→ DATA SHOWN
▬▬▬▬▬▬▬▬▬▬

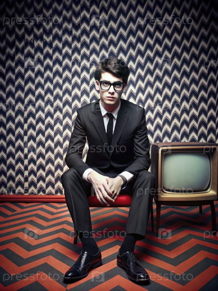 Подросток в костюме сидит на красно-черном шевроне
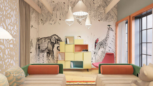 Хотите, чтобы дизайн детской для мальчика и девочки нравился обоим ребятишкам? Тогда вам стоит взять на заметку этот оригинальный проект. Яркий и красочный интерьер буквально пронизан таинственной атмосферой далеких джунглей! Светлую стену украшают огромные изображения мирно прогуливающихся животных...
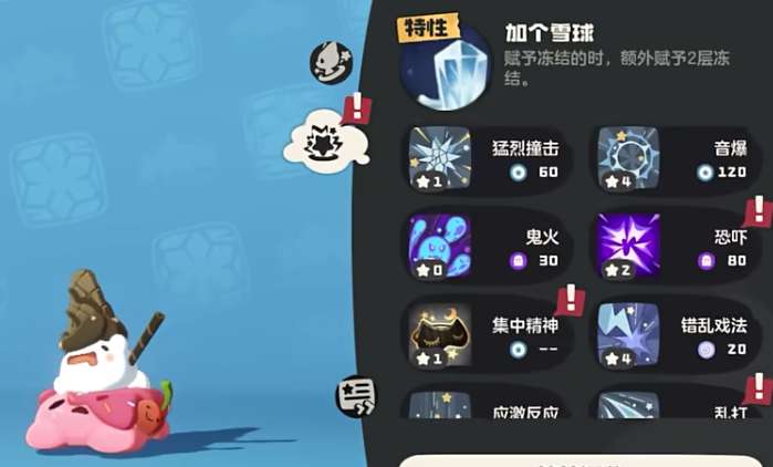 之后是第二个需要携带的技能,这技能叫做碎碎冰,这技能拥有造成魔法伤害以后给到一层冻结效果然后加20技能威力的效果,这是它的核心技能,不仅可以不断提升伤害,还可以去累积冻结层数。

▬▬▬▬▬▬▬▬▬▬

→ ACTION ITEM
Copy, without the pictures, exactly the lines from the line with "Хотите, чтобы дизайн" through the end of the material above, both ends included.

→ WRITTEN REPLY
 Хотите, чтобы дизайн детской для мальчика и девочки нравился обоим ребятишкам? Тогда вам стоит взять на заметку этот оригинальный проект. Яркий и красочный интерьер буквально пронизан таинственной атмосферой далеких джунглей! Светлую стену украшают огромные изображения мирно прогуливающихся животных...
 之后是第二个需要携带的技能,这技能叫做碎碎冰,这技能拥有造成魔法伤害以后给到一层冻结效果然后加20技能威力的效果,这是它的核心技能,不仅可以不断提升伤害,还可以去累积冻结层数。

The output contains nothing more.